* [Action item]
Leaving pictures aside, set down each line exactly, from the first line of the data to the line with "Geef de garderobe", both included.

[Saved entries]
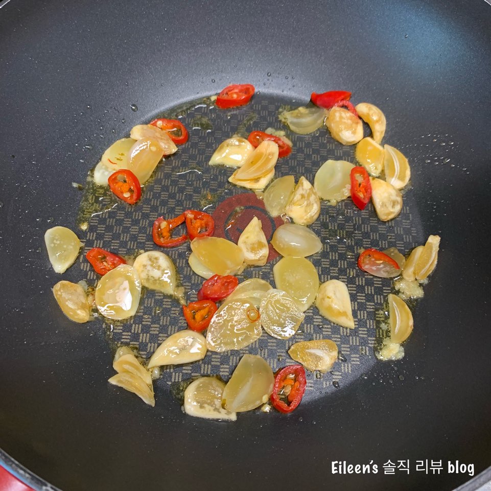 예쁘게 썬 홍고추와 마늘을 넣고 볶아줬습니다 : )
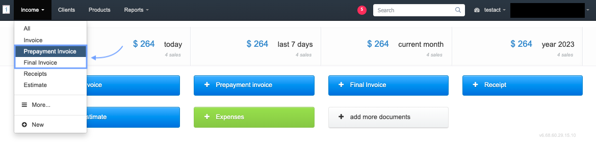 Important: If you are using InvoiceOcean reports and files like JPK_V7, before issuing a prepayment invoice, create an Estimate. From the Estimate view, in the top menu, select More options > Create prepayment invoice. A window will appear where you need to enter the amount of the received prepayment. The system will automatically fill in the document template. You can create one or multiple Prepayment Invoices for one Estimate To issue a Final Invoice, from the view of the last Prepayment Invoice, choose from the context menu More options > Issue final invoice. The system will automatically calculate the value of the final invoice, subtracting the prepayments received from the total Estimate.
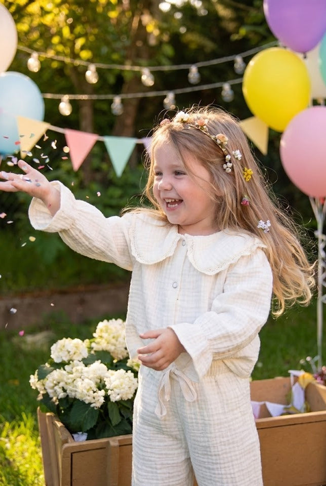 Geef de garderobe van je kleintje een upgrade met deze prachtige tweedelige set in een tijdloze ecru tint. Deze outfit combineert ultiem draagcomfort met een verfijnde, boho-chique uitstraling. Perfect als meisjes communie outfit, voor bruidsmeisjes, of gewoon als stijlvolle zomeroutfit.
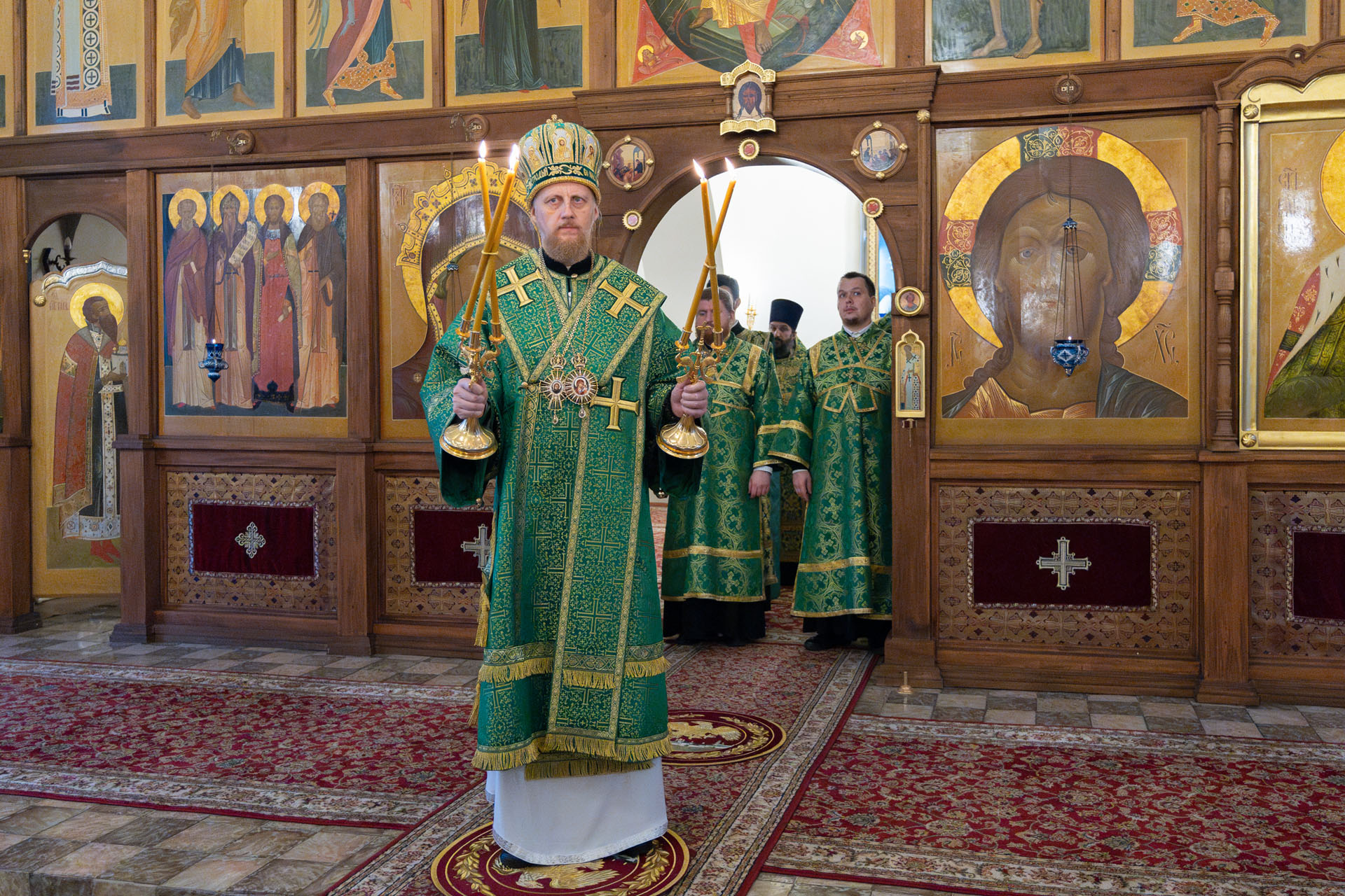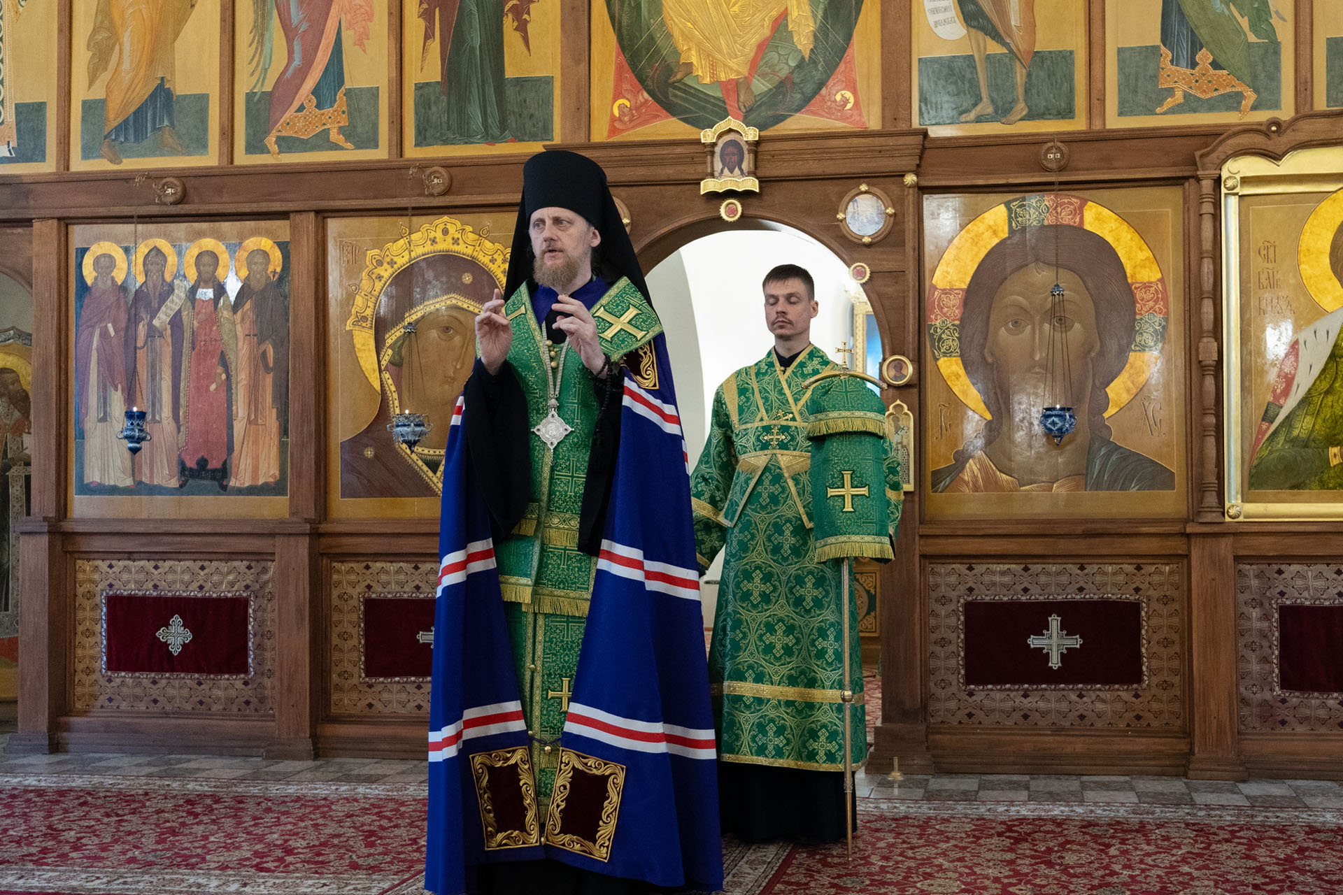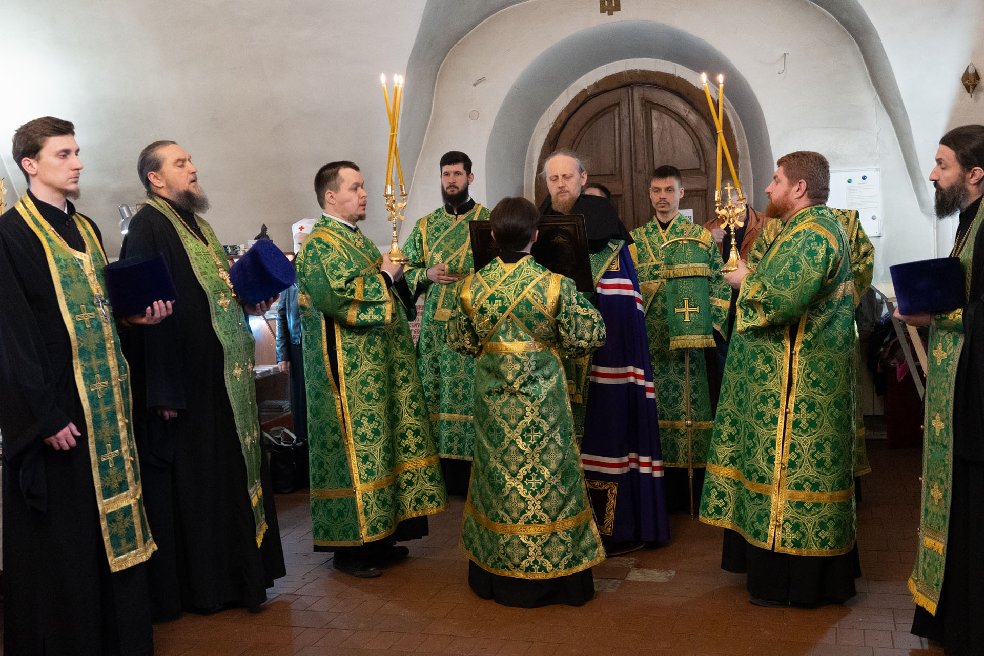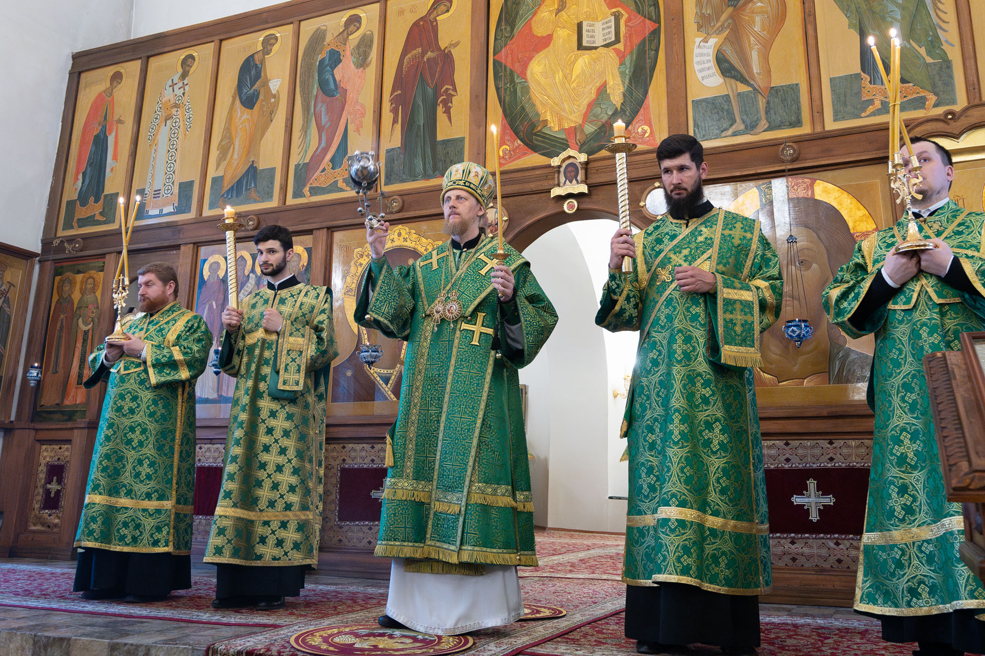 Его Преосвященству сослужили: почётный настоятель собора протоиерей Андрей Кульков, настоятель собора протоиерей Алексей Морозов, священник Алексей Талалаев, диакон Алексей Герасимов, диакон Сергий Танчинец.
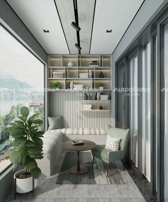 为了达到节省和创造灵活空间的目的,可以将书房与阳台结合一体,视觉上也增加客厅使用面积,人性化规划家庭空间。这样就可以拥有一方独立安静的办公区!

* [Response box]
 예쁘게 썬 홍고추와 마늘을 넣고 볶아줬습니다 : )
 Important: If you are using InvoiceOcean reports and files like JPK_V7, before issuing a prepayment invoice, create an Estimate. From the Estimate view, in the top menu, select More options > Create prepayment invoice. A window will appear where you need to enter the amount of the received prepayment. The system will automatically fill in the document template. You can create one or multiple Prepayment Invoices for one Estimate To issue a Final Invoice, from the view of the last Prepayment Invoice, choose from the context menu More options > Issue final invoice. The system will automatically calculate the value of the final invoice, subtracting the prepayments received from the total Estimate.
 Geef de garderobe van je kleintje een upgrade met deze prachtige tweedelige set in een tijdloze ecru tint. Deze outfit combineert ultiem draagcomfort met een verfijnde, boho-chique uitstraling. Perfect als meisjes communie outfit, voor bruidsmeisjes, of gewoon als stijlvolle zomeroutfit.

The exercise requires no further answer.